Over the past 30 years, Roberto Marinho Foundation has carried out several projects in the environmental, educational and cultural fields and created models and methodologies which have been implemented in partnership with both public and private sectors. The goal is to provide tools that will assure the sustainability of these programs and help people become active players to change their own destinies.
The experience in teleducation led to the creation of Canal Futura, a social communication project which is 24 hours on air and has everything to do with the Brazilian people. Futura programming includes public-interest issues, such as human rights, health, youth, sexual abuse and exploitation, as well as culture, such as movies, documentaries and programs about literature. Fully supported by the private sector, Canal Futura is all across the country, in and out the TV screen. The channel can be watched via satellite dish, FTA and cable television. Its content is also employed for educational purposes by thousands of communities, in partnership with NGOs, companies, universities and other institutions.
In a country that embraces 60% of the Amazon rainforest, one of every 10 species of plants or animals, six biomes and 12% of the world’s freshwater supply, Roberto Marinho Foundation has been broadcasting Globo Ecology for 20 years, which is the first environmentally-oriented TV program.
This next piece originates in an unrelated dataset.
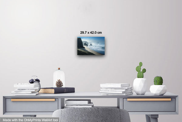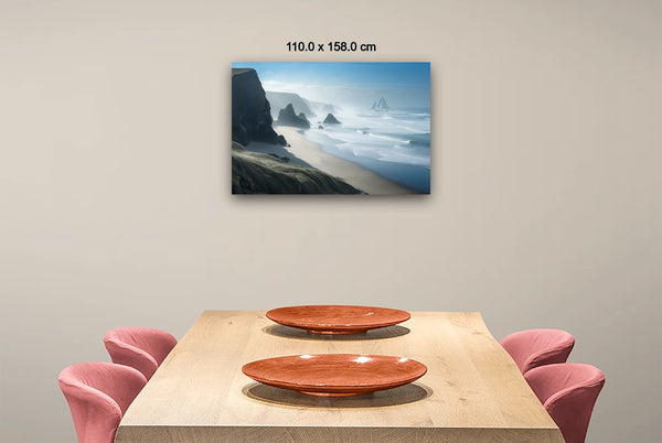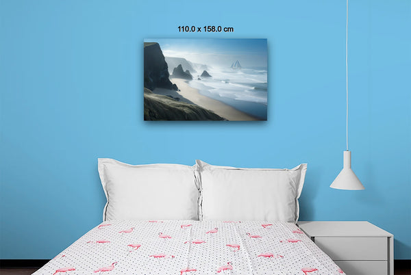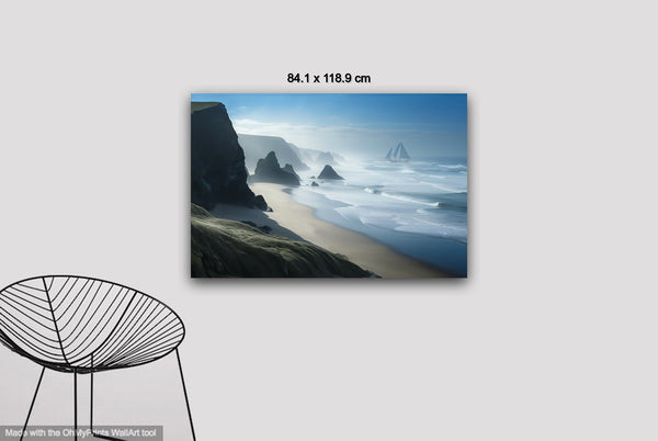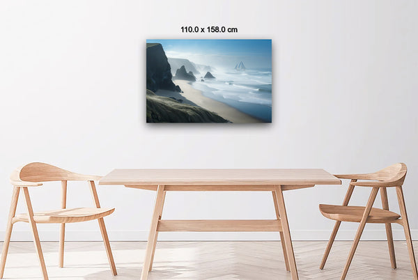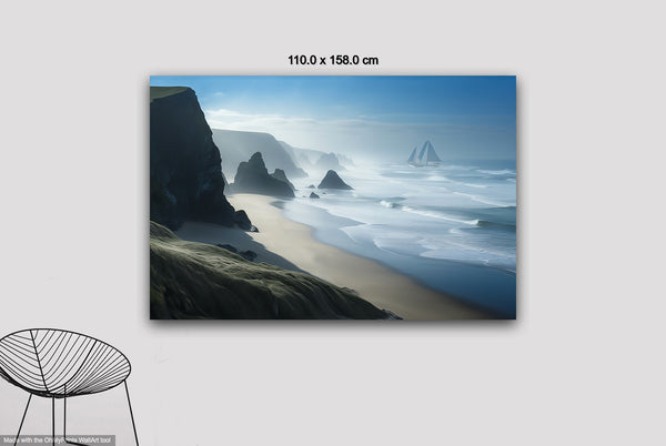 This enchanting Cornish scene features cliffs slowly fading into the mist, creating a quintessential dreamy perspective. Gentle waves introduce a sense of movement, while a distant sailboat glides across the water, adding a touch of life. The serene harmony of the scene is highlighted by the dominant pale blue sea, the soft yellow sand, and the muted black cliffs.
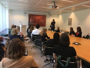 Students spent the morning meeting with lawyers from the Hague Conference on Private International Law. There, they were treated to an overview of the world organization responsible for cross-border cooperation in civil and commercial matters. Students met with Laura Martinez-Mora, Secretary of the Permanent Bureau, and Frédéric Breger, Legal Officer (left). They provided an introduction to the history and structure of the HCCH, and provided a detailed overview of some of its many conventions, which cover topics including: family law matters such as child abduction, intercountry adoption, child protection, and maintenance obligations; forum selection as other procedural issues such as choice of court, taking evidence abroad, service abroad, and apostille. Finally, they touched upon the newly concluded Convention of 2 July 2019 on the Recognition and Enforcement of Foreign Judgments in Civil or Commercial Matters, which Dean Peter B. “Bo” Rutledge, raised during his session on international dispute resolution in Leuven last week. Students were interested to hear about the treaty-making process, as well as the aspects of the treaties, particularly those covering family law, that reinforced human rights treaties, such as the Convention on the Rights of the Child.

Roberto Marinho Foundation has conducted several campaigns for heritage conservation, restored documents, buildings and monuments and come up with several solutions for their sustainability. The Foundation has created the Museum of the Portuguese Language, the world’s first museum to be dedicated to a language, which is the greatest immaterial heritage of a nation. It also conceived the Soccer Museum, which recounts the story of Brazil from the sociological point of view of soccer.
Three new projects developed by Roberto Marinho Foundation were inaugurated in Rio de Janeiro in 2012, the Museum of Image and Sound and the Rio de Janeiro Museum of Art. The museums will combine education, sustainability, science, technology, media outlets and culture.